А ещё Елисей сказал, сколько заплатил за диковинку, — не хвастался, заболтался просто, — и в голове принялись сменять друг друга полезные вещи, которые можно выменять на златобелку. Получилось немало: стоила пакость столько, что из золота по весу вышло бы скромнее.
Ей-ей — хоть принимай подарок с возможностью последующего обмена. Но продавать шкуру непойманной белки было глупо, так что мечты пришлось отбросить. Да и не примет она всерьёз такого подарка, не стоило ещё больше обнадёживать Елисея. Дорого слишком, не петушок на палочке.
— Эй, цып-цып-цып! — позвала Северина, вглядываясь в листву яблони.
Росла та особняком, славилась красивущими, но до крайности мерзкими на вкус мелкими плодами и стояла тут только для красоты и тени над скамейкой, занятой обычно старенькой хозяйкой ближнего дома и её подругами. Но сейчас даже они присоединились к общему веселью.
— Эй, грызла! Или как тебя там? Смотри, что у меня есть! — Она протянула на ладони заветренный кусочек сыра. — Вкуснятина, а?
Была бы сама Северина белкой — в жизни не повелась бы на такой дар. А что делать — сыр-то кончился!

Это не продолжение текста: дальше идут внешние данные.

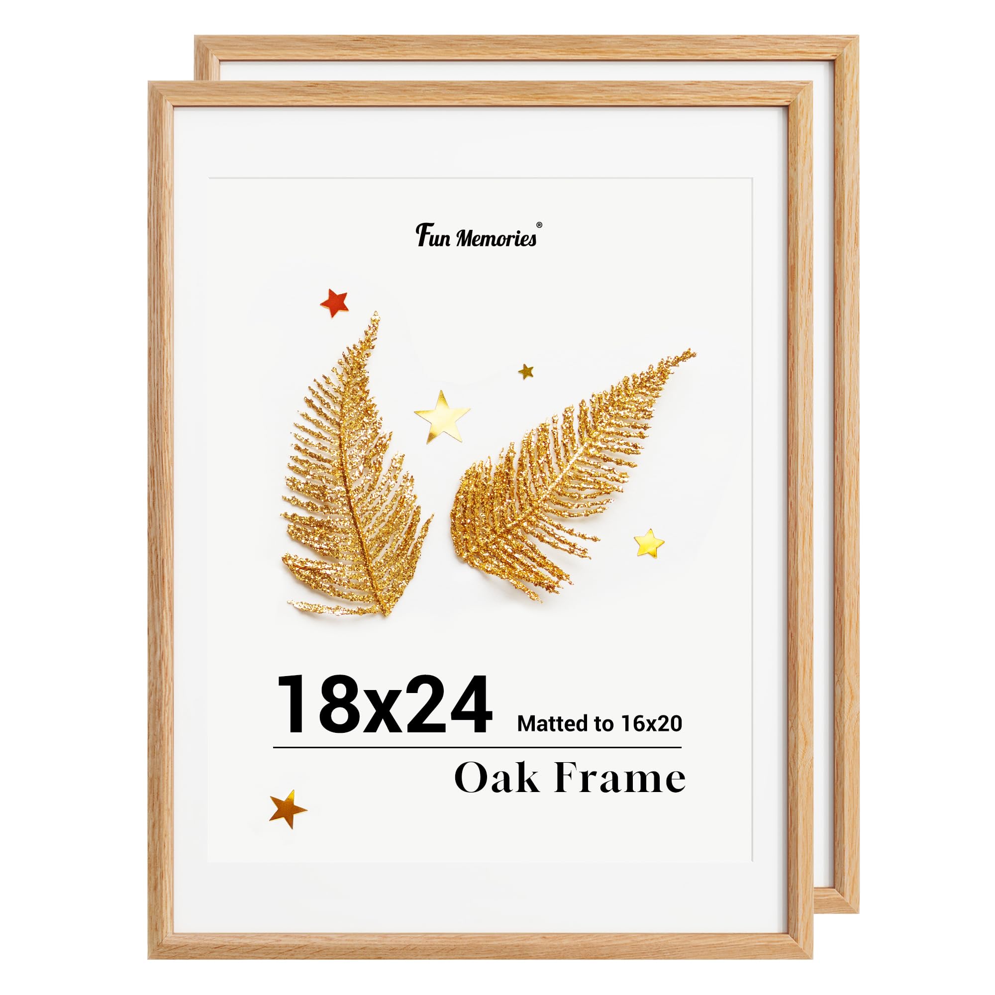 壁用18x24インチの写真フレーム、オークウッドポスターフレーム、18x24インチ、16x20インチのマット付き、18インチx24インチの天然木ポスターフレームアートフレーム、壁装飾用、壁掛けフック付き、2個セット。

Северьян к нему симпатии не питал, так что погрязшая в работе сестра не успела обновить запасы. Хорошо, этот-то огрызок нашёлся!
Белка тоже не спешила мчаться навстречу еде, но хоть удрать не пыталась — приметная шкурка мелькала в листве где-то возле макушки дерева.

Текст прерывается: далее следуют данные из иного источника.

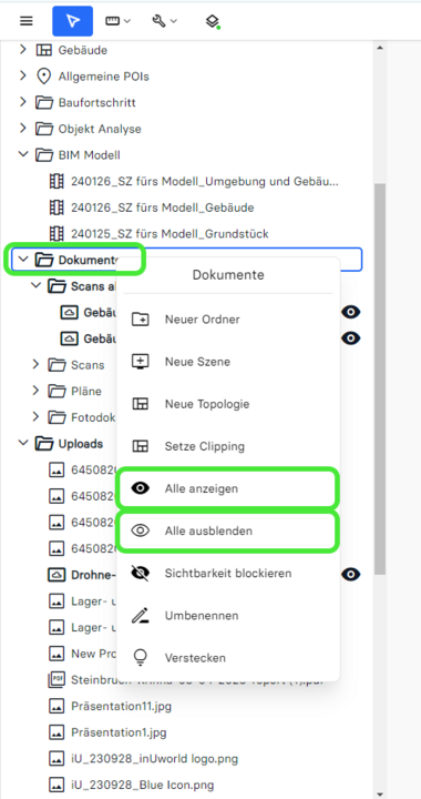 • Um alle Daten anzuzeigen oder auszublenden, klicken Sie mit der rechten Maustaste auf den Wurzelknoten des Ordners, um das Kontextmenü zu öffnen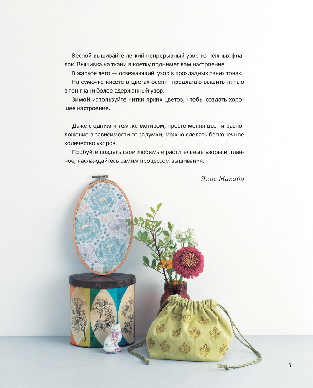 Ими делится Элис Макабэ – японская художница и вышивальщица, известная во всем мире. Именно она автор бестселлера "Вышивка Элис Макабэ. Сказки японского леса"! Каждый день, беря в руки нитки и иголку, она стремится запечатлеть каждое мгновение, каждое едва заметное изменение, связанное со сменой времен года.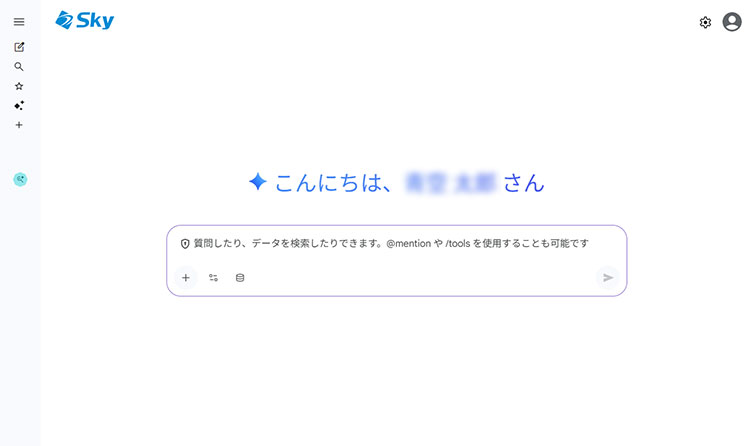 2023年11月にリリースした社内向けの生成AIサービスです。社内情報がそのまま活用できるよう情報セキュリティに配慮した設計で、安心して業務に活用できる環境を整えました。AIが関連情報を自律的に収集・分析してレポート形式で出力する「SKYAI Deep Research」を搭載しており、全社員が生産性向上のために思うようにAIが活用できる環境を整えています。

— Эй, ты, зараза мелкая! — позвала ласковым голосом. — Смотри, я к тебе сама лезу! И страшной штуки у меня нет…
— Северинушка, ну куда ты, давай я сам! — высунулся Елисей. — Расшибёшься!

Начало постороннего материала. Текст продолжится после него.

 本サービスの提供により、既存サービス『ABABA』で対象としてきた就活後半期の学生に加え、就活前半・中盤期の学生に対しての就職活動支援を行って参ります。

— Сам расшибёшься? — ехидно откликнулась она. — Это без меня, мне потом царь… руки! — она от души шлёпнула по протянутой ладони. — Ещё под юбку мне заберись!
— Да я придержать хотел! — смутился царевич.
— Даже не сомневаюсь! — Северина прицелилась к яблоне, прикидывая, куда поставить ногу. Не то чтобы она постоянно лазала по деревьям, но в детстве с братом — часто. Оставалось надеяться, что это как плавание — разучиться невозможно. — Ах ты ж пагуба! Я сыр уронила, посмотри, вон там, у ствола!
— Где? Не видать… — Елисей опустился на четвереньки.
— Да вот… — Северина осеклась, сообразив, что тишина над городом — совсем уж глухая, даже ветер смолк, а густая тень, то и дело набегающая, слишком плотная для облаков и слишком густая. — Ой, мамочки! — прошептала потрясённо, запрокинув голову.
Их было пять штук — огромные, ширококрылые, сверкающие на солнце белым металлом. Очерком походили на лебедей — длинные шеи, толстые тушки, — но летали достаточно низко, чтобы на поворотах было видно: не птицы это. Резкие углы лишённых перьев крыльев, больше похожих на складные, как у летучих мышей, только не кожей обтянутых, а чем-то блестящим, будто полированное серебро. И шеи короче, прямые, не гибкие, и головы нет — сходится палка в остриё, словно кол заточили.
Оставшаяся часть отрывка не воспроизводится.